New drug approvals include therapies for patients with breast cancer, thyroid cancer, neuroblastoma, and multiple myeloma.
The first third of 2015 has proven to be a busy time for oncology-related approvals at the FDA. This article will review expanded oncology indications for already approved drugs and newly approved oncology agents including Ibrance (palbociclib), Lenvima (lenvatinib), Farydak (panobinostat), and Unituxin (dinutuximab) (see Table).
Newly Approved Oncology Agents
On February 3, 2015, the FDA granted accelerated approval for Ibrance (palbociclib) to treat advanced (metastatic) breast cancer. It is indicated for postmenopausal women with estrogen receptor (ER)-positive, human epidermal growth factor receptor 2 (HER2)-negative metastatic breast cancer who have not yet received an endocrine-based therapy. Palbociclib works by inhibiting cyclin-dependent kinases 4 and 6, which are involved in promoting cancer cell growth, and it is indicated for use with the anti-estrogen letrozole, as this combination demonstrated increased tumor growth inhibition compared with either agent alone.

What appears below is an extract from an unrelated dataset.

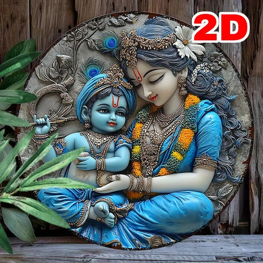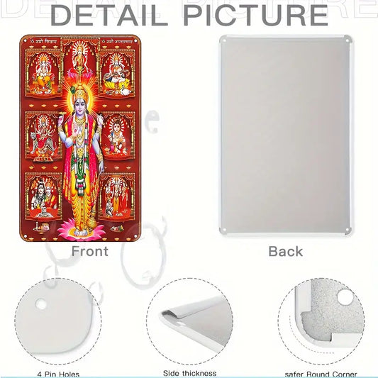 Hindu Gods Wall Plaque, Metal Iron Decorative Plate with Vishnu, Krishna, Ganesha, Shiva, Saraswati Rama And Durga
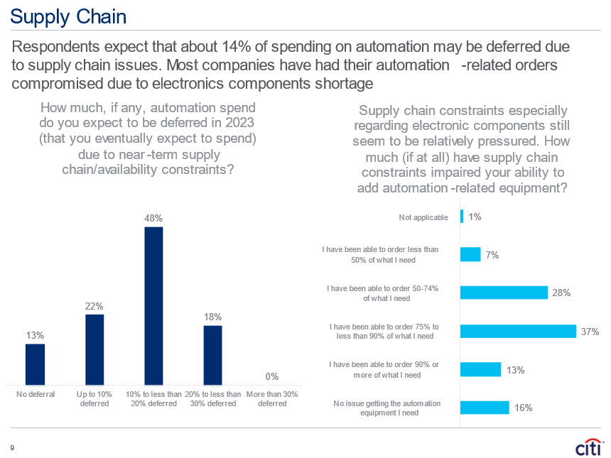 Source: Citi Research, Survey of Manufacturers (n=200)

The recommended dose of palbociclib is a 125-mg capsule taken orally once daily with food for 21 consecutive days, followed by 7 days off treatment to encompass a complete cycle of 28 days. Letrozole 2.5 mg should be administered once daily throughout the 28-day cycle. Patients should be encouraged to take their dose at approximately the same time each day.
If the patient misses a dose or vomits, an additional dose should not be taken that day and the next prescribed dose should be taken at the usual time. Patients should be advised to avoid grapefruit and grapefruit products during treatment. Palbociclib is available in 125-mg, 100-mg, and 75-mg capsules.
Neutropenia can occur with palbociclib, and it is recommended that complete blood count be monitored prior to the start of therapy, at the beginning of each cycle, on day 14 of the first 2 cycles, and as clinically indicated. Clinicians and patients should monitor for signs and symptoms of infection. The most common adverse effects (AEs) seen in the clinical trials were neutropenia, leukopenia, fatigue, anemia, upper respiratory infections, nausea, stomatitis, alopecia, diarrhea, thrombocytopenia, decreased appetite, vomiting, loss of strength, peripheral neuropathy, and nosebleeds. Management of some adverse reactions may require a dose adjustment, treatment interruption, or permanent discontinuation. Dose modification recommendations are included in the prescribing information.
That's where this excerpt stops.